Si Stephens, who is retiring after having served as the SJC Auditor for twenty-four years, told the Island Guardian that "Ballot Tracker is like the UPS system of tracking packages or mail: UPS can tell you where a package is, but not what is in the package" , Stephens adds that the point that needs to be made is that the system that "San Juan County -and thirty other counties- use, was not only approved by both the Federal government, and the State of Washington, it was paid for by the Federal government" , and the system has been certified by the Secretary of State as meeting all state and federal laws and regulations that govern elections.


(continued from front page)
In an email to the Island Guardian, Hertel noted that there is a bar code (just like the one on a can of soup) on the ballots that is unique to each ballot. Hertel stated "there is a problem with this method. Consider the following excerpts from Washington State law:

WAC Chapter 434-250 Voting by mail
434-230-180 Paper ballots and ballot cards Numbering.

... There shall be no marks on the ballot cards which would distinguish an individual voter's ballot card from other ballot cards.

RCW 29A.36.111 Uniformity, arrangement, contents required.

No paper ballot or ballot card may be marked in any way that would permit the identification of the person who voted that ballot. [2004 c 271 § 128.]

These are just two of several codes and laws addressing and prohibiting unique marks on ballots"
.

Hertel acknowledges that "the Auditors office spent much time evaluating this system but mostly from a standpoint of use, not legality. I honor their effort but these ballots will be challenged and we don't want to be part of that lawsuit."

Hertel stated that "If the RCW's are changed by the legislature then we could proceed with Ballot Tracker but that is a lengthy process." When asked about the quotes from the WAC and RCW's that Hertel has relied on to support his arguments, Si said that Hertel is only quoting those parts of the law that appear to support his contention, but if he were to research the whole body of current election regulations, he would find specific sections that address Hertel's concerns, and those sections allow systems such as the Ballot Tracking system.

Elections Supervisor Dan Gillespie said Hertel fails to understand that WAC's are not law, they are interpretations of law, and the specific WAC quoted by Hertel is not on point; since that particular portion of the WAC is intended to control voting when the voter goes to a polling place.

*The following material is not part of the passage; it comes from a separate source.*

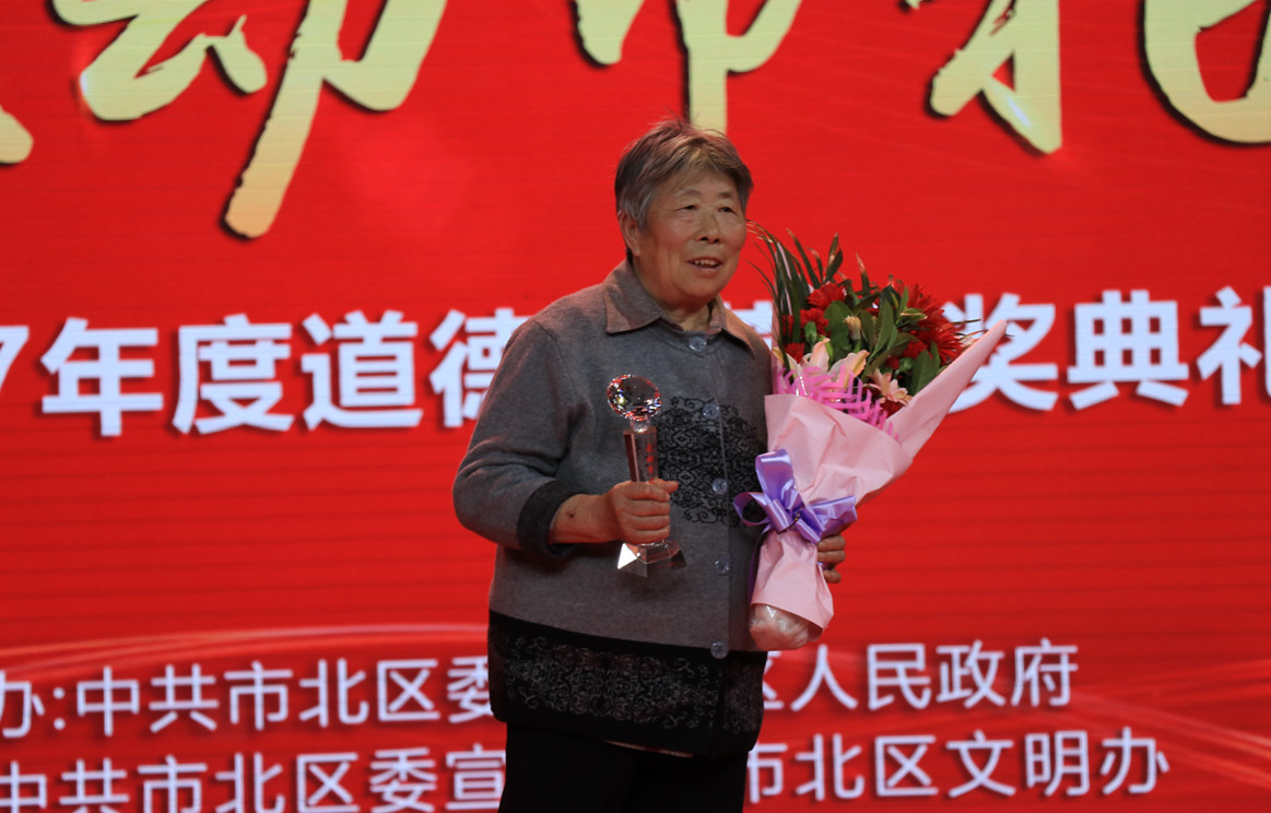 頒獎(jiǎng)詞:人群中,她本是平常的古稀老人;病床前,她卻是傾盡全力照顧兒媳的母親!黑夜里,曾淚灑衣襟,磨難中,卻從未放棄!平凡大愛(ài)守護(hù)真情,大城小事溫暖人間!

Gillespie explained that in simple terms the WAC simply points out that if a voter is given their ballot at a polling place, the poll worker must first write down the number attached to the ballot next to the list of voters, then remove the number prior to giving the voter their ballot. That was the way it was done when we went to a polling place to fill out our ballot; now we mail them in, and there is no one standing at the post office to make sure we received the ballot, and that it was mailed in.

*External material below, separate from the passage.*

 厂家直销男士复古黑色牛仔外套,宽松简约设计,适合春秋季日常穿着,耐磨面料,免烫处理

Gillespie says that at some point he expects the WAC will need to be clarified to make the distinction clear between the old way of voting, and the new way, and that -as Hertel points out- it is a slow process, but in the meantime all thirty counties in Washington that use the Ballot tracker system are in full compliance with the law.

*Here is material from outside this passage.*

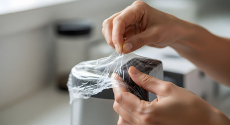 Close-up of hands peeling a thin, transparent protective plastic film off the surface of a new electronic device or appliance. The image captures the satisfaction of unboxing and setting up new equipment.

Hertel is not the first to ask questions or express opinions on this. Tim White and Tom Munsey of the SJC Green Party have both appeared before the County Council asking the Council to conduct an investigation into the new system, and Hertel's comments echo their statements to the Council. The Council at one point did invite Stephens to address the questions, and Si told the Council that the operation of the Voter Tracker system -the system that counts the ballots- made it simply inconceivable that anyone could ever determine how someone had voted.

Both Stephens and Gillespie are concerned that voters understand the purpose of the system is to determine if all the votes have been counted, not how some specific individual voted With regard to the importance of election officials knowing if and who voted, but not how they voted, SJ County and Hertel appear to be at least on that same page.